An Analysis of Async and Futures

ISO/IEC JTC1 SC22 WG21 N2974 = 09-0164 - 2009-09-27

Lawrence Crowl, crowl@google.com, Lawrence@Crowl.org

Introduction
Action Analysis Async/Future
    Actions at the Send
    Actions at the Receive
    Action Combinations
Other Issues
    Limiting Threads
    Thread Pools
    Speculative Concurrency and Execution
Design and Implementation Choices
Current Operations
Alternate Operations
    Various Uses
    Code for Query-Like Methods

Introduction

The intent of the async and future combination is to potentially initiate a task concurrently, and then retreive its return value or exception at a later time.

The semantics of async and future have come under considerable debate. Part of the debate arises from the expected use, part arises from implicit assumptions about implementation, and part arises from a lack of clarity in the implications of certain operations. This paper is intended to clarify the latter two parts of the debate.

Action Analysis Async/Future

The implementation of async and future requires actions at two points, the 'send' and the 'receive'. The 'send' is just the call to async. The 'receive' is the call to get or any other call that might be used to decide whether or not to call get. For the purposes of this discussion, we assume a 'unique' future.

Actions at the Send

Clarifying the actions and their consequences really requires a table, but that table is too big to understand at once, so we first describe the attributes and then present the table.

Actions and Benefits

The available actions are as follows.

Fork: a new thread for the task immediately. This action enables responsive threads.
Delay: the thread fork for the task until resources are available, which limits the number of active threads, which in turn helps avoid oversubscription.
Enqueue: the task for later execution. In addition to limiting the number of threads, this action enables task stealing, where a call to get removes the task from the queue and executes it sequentially. Thus, this action enables speculative concurrency. With an operation to simply remove the task from the queue, this technique enables speculative execution as well.
Invoke: the task immediately. This action executes the task sequentially, thus having no concurrency overhead.
Defer: the decision on execution until the 'receive'. This action enables speculative execution, because if the get is never called, the task is never executed.

Future States

The states communicate between a asynchronous threads that might affect the future storage.

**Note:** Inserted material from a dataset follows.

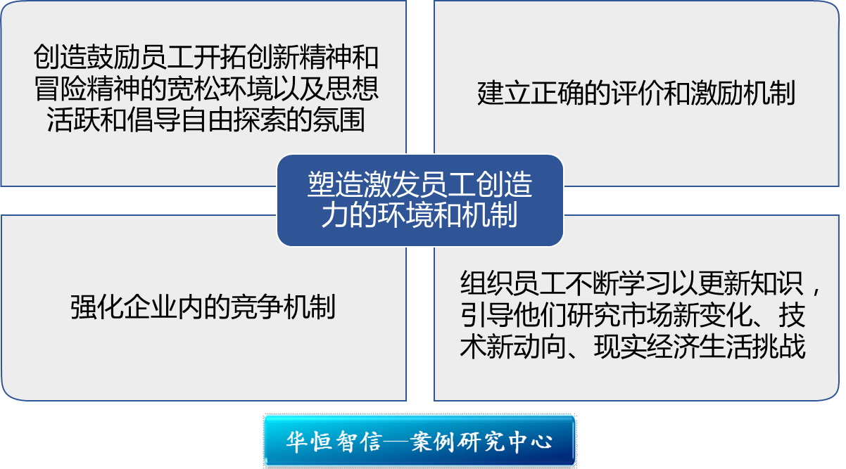 激发全体员工的创造力,是开发人力资源的最高层次的目标。作为企业,需要塑造激发员工创造力的环境和机制:

They are otherwise self-explanatory.

Task Restrictions

The use of async necessarily imposes some restrictions on the type of synchronization that the tasks may employ.

Get-free: tasks shall not deadlock with the caller of get. Most sender actions have this constraint.
Async-free: tasks shall not deadlock with the caller of async.
Delayable: tasks shall not require responsiveness and shall tolerate live lock.

The following table provides the various attributes of the various actions.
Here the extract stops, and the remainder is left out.